ЧЕЛОВЕК, КОТОРЫЙ МОГ ТВОРИТЬ ЧУДЕСА
«Это был человек, чье слово оказывалось лучом света в тысячах темных уголков. С самого начала века всюду — от Арктики до тропиков,— где молодые мужчины и женщины хотели освободиться от умственного убожества, предрассудков, невежества, жестокости и страха, Уэллс был на их стороне, неутомимый, жаждущий вдохновлять и учить...»
Так говорил в 1946 году Джон Бойнтон Пристли, английский писатель младшего поколения, выступая на похоронах Уэллса. Действительно, Уэллс положил жизнь на то, чтобы помочь людям «освободиться от умственного убожества, предрассудков, невежества, жестокости и страха». Об этом же мечтали просветители XVIII века Вольтер, Дидро, Свифт, и к моменту Французской революции 1789 года казалось, что они выполнили свою задачу. Но буржуазное общество породило новые жестокости, страхи и предрассудки. А это значило, что должны прийти новые просветители. Уэллс был в их числе — среди главных.

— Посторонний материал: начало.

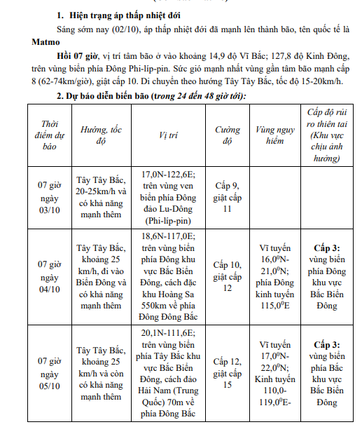 TIN BÃO GẦN BIỂN ĐÔNG - Cơn bão Matmo (ngày 03.10.2025)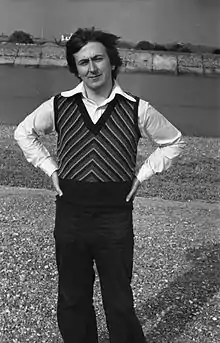 A sweater vest (known as a tank top or sleeveless sweater in the UK) is an item of knitwear that is similar to a sweater, but without sleeves, usually with a low-cut neckline. They were popular in the 20th century, particularly in the 1970s in the UK, and are again growing in popularity in this century.[2]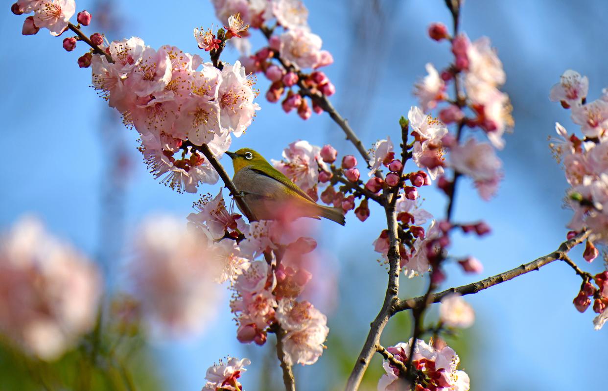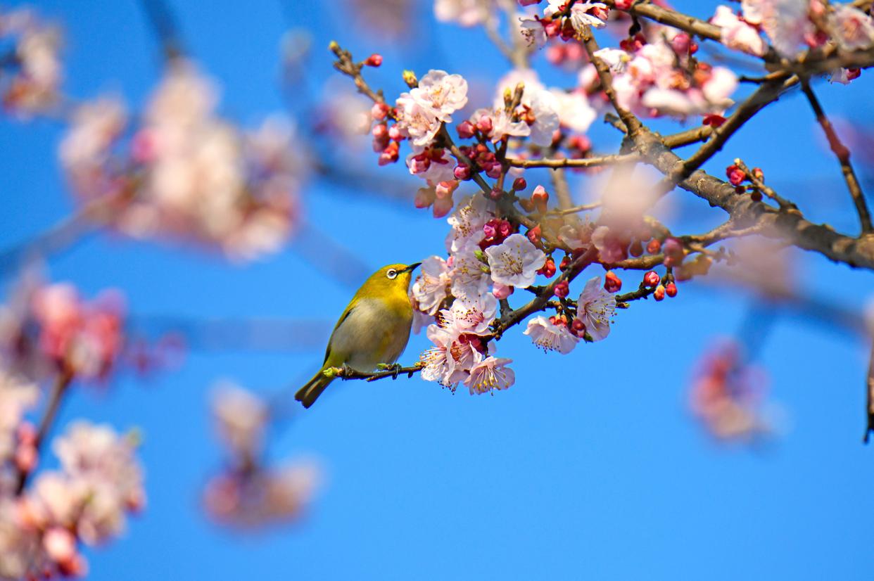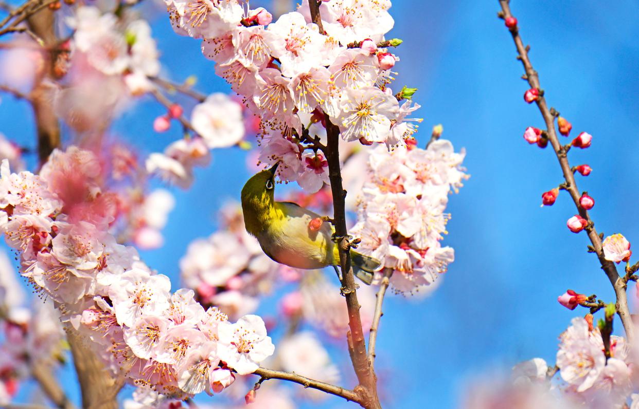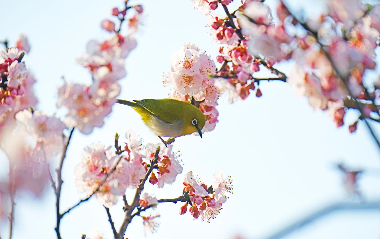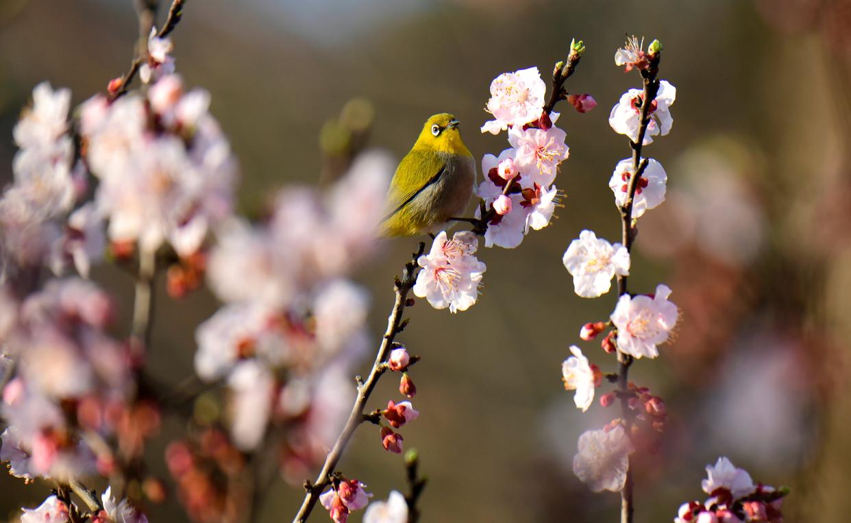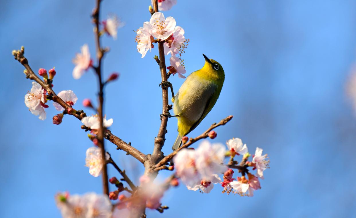 2025年2月11日,云南省红河哈尼族彝族自治州弥勒市,杏花竞相绽放,绣眼鸟在花间觅食、小憩,呈现出一派春意盎然、生机勃勃的景象。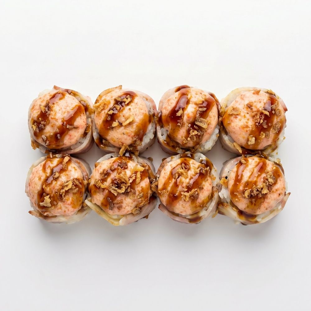 Состав:Бекон,Рис,Нори,Сыр,Лук зеленый,Перец болгарский,Курица коп,Терияки,Лук криспи,Майонез,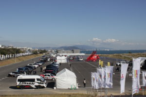 GLIONグループは5日、6日に車両展示のブースを出展しました。アスファルトフィールドにて、Gスクエアからベンツ、ベントレー、アストンマーティン等のプレミアカー8台、マセラティ神戸から3台、Kobe BMWハーバー神戸支店から2台、MINIハーバー神戸から2台、昭和トラストからカスタムカー2台、合計17台のブランド車が勢揃い。競技に参加した選手や家族連れの方々など多くの方々が立ち寄り普段あまり見ることができない車両に興味を示しておりました。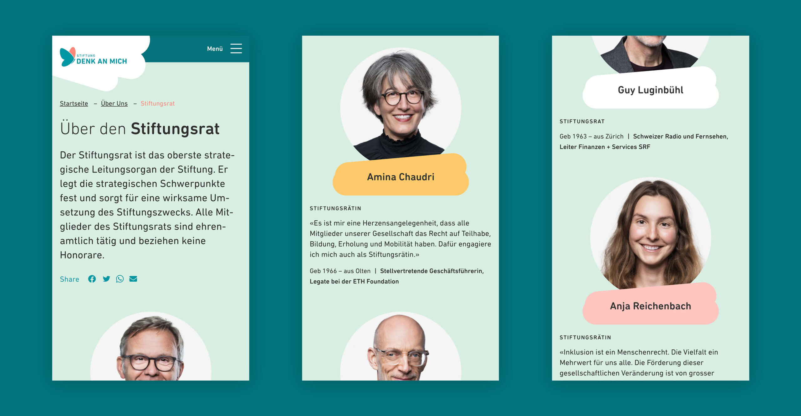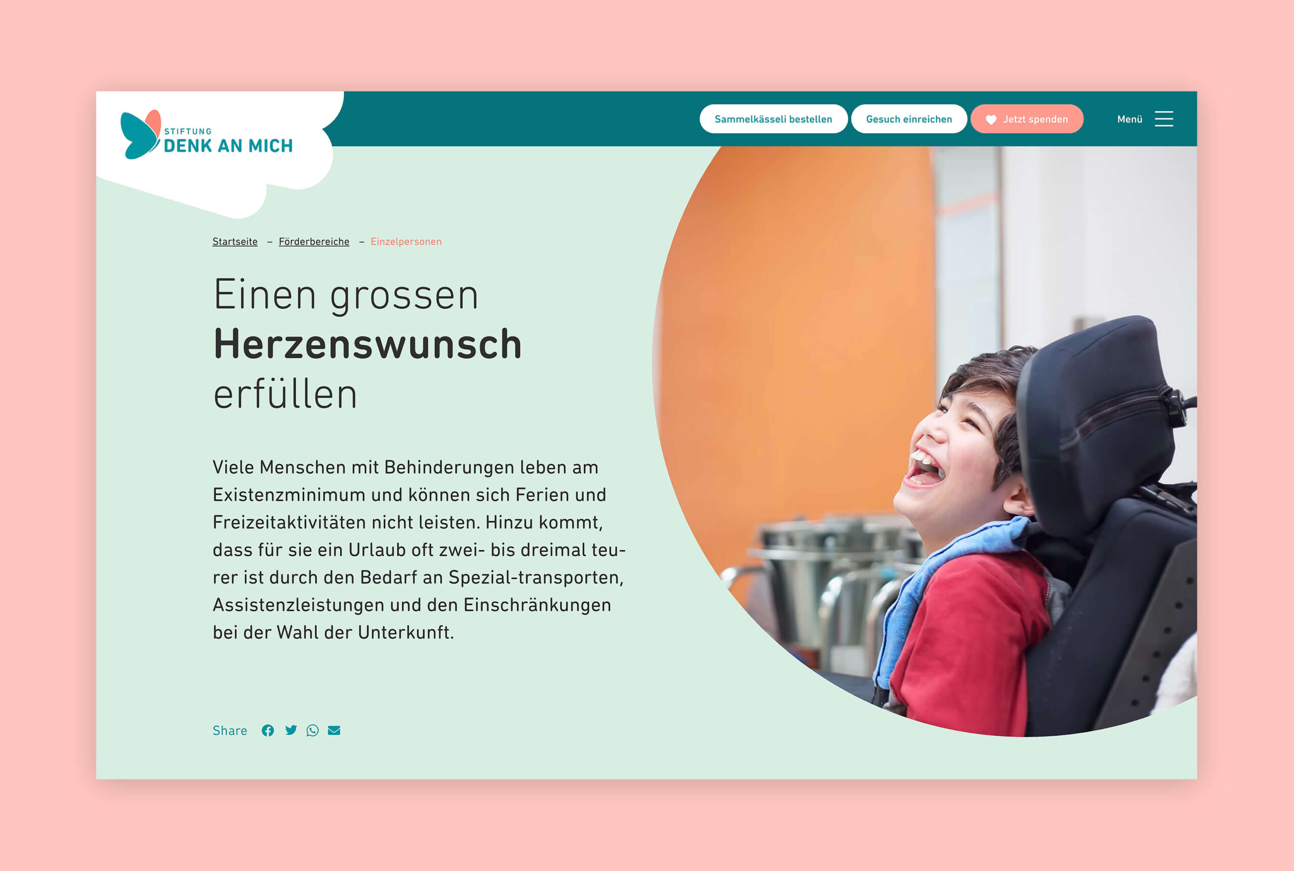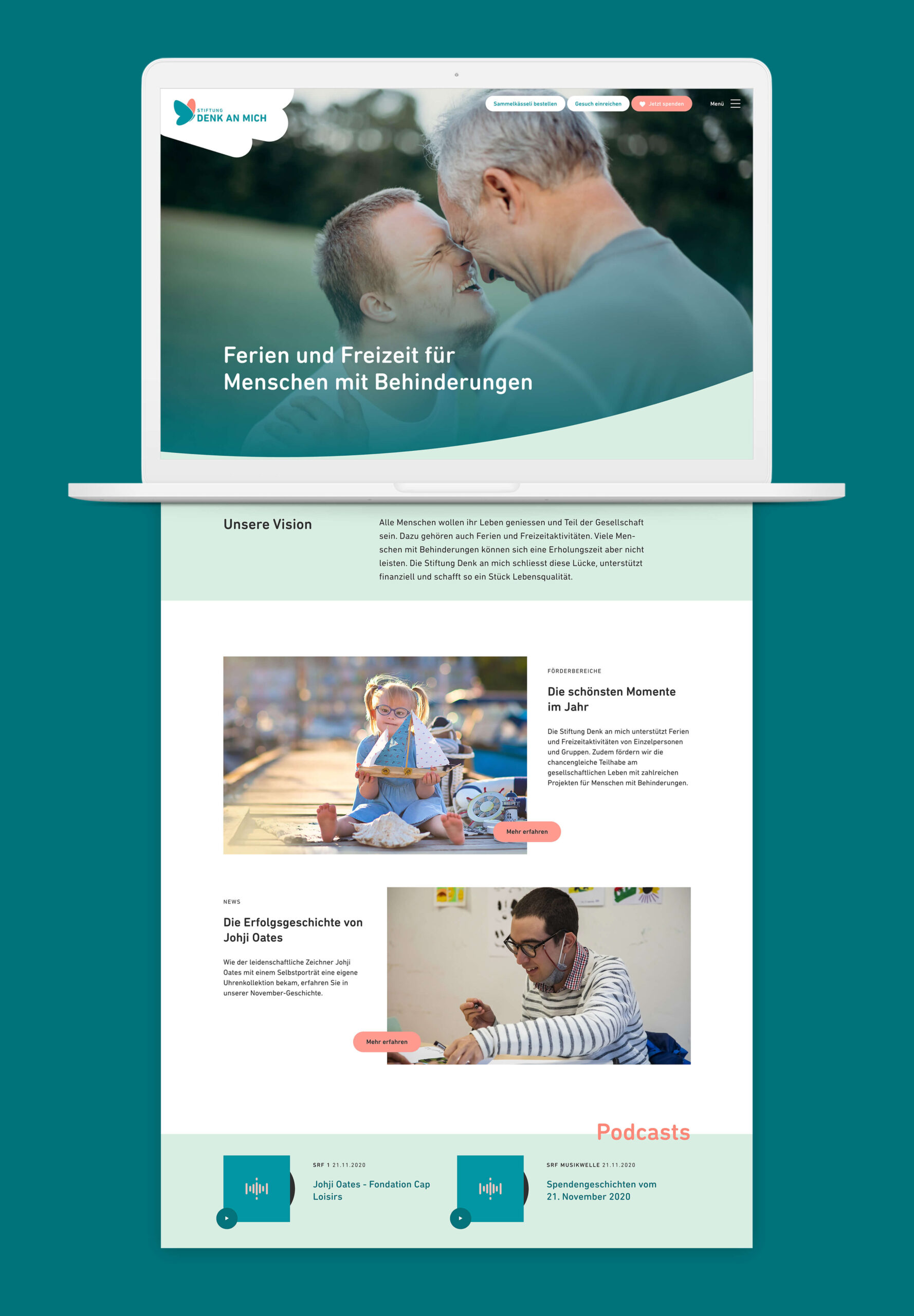 Die Stiftung Denk an mich fördert Menschen mit Behinderung und organisiert solidarische Projekte in den verschiedensten Bereichen. Neben dem Wunsch nach einem neuen Gesamtauftritt, wollte die Stiftung mit ihrem Webauftritt den heutigen Anforderungen der digitalen Welt gerecht werden. Denn für den Neuauftritt sollte nicht nur die vielseitige Stiftungsarbeit kommuniziert werden, die neue Webseite brauchte eine einfache und intuitive Anbindung an ein Spendenkonto, damit für die verschiedenen Zwecke möglichst einfach und ohne grossen administrativen Aufwand Geld gesammelt werden kann. Ausserdem ist der unkomplizierte Zugang zu Informationen und Anlaufstellen für Direktbetroffene und Angehörige essentiell.
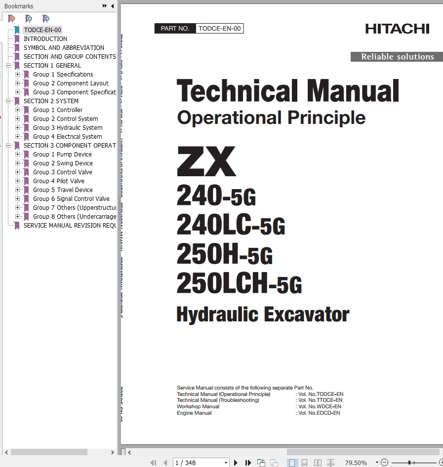 Hitachi ZX240-5G ZX240LC-5G ZX250H-5G ZX250LCH-5G Technical Manual TODCE-EN-00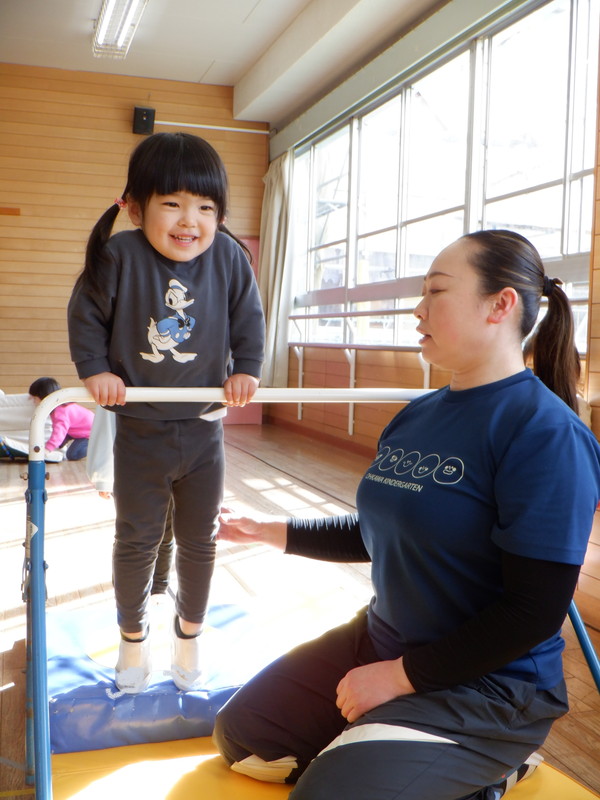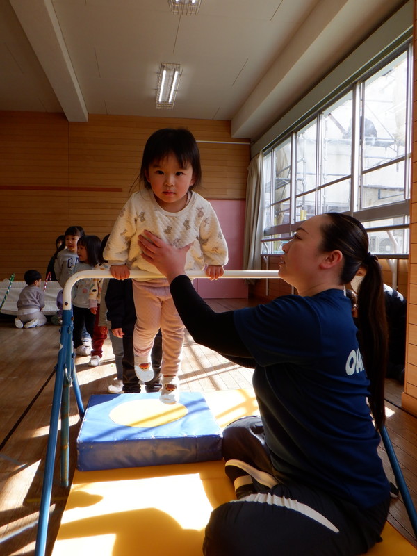 体操では鉄棒の飛び乗りから前回りにチャレンジしていますが、怖がらずに回ることができていますよ。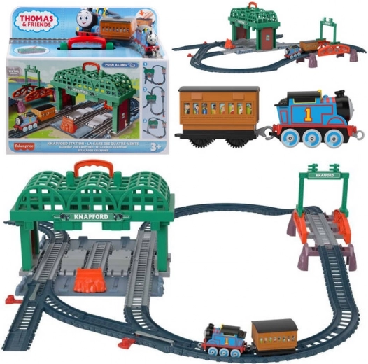 - Station Knapford met opbergpaneel en handvat, railonderdelen, brug, viaduct‑markeringen, locomotief Thomas (push‑along), passagierswagon met passagiers

Замечательным в Уэллсе было то, что он умел говорить о вещах, важных для миллионов людей. При этом он не только отвечал на их вопросы, но и помогал эти вопросы поставить, иными словами — увидеть и осознать многие проблемы собственной жизни.
Для этого надо было не только хорошо знать, чем сегодня живет мир. Еще нужнее было знать людей, с которыми разговариваешь. Уэллс знал их отлично, потому что был одним из них. Их судьбы, их тревоги он понимал через свои.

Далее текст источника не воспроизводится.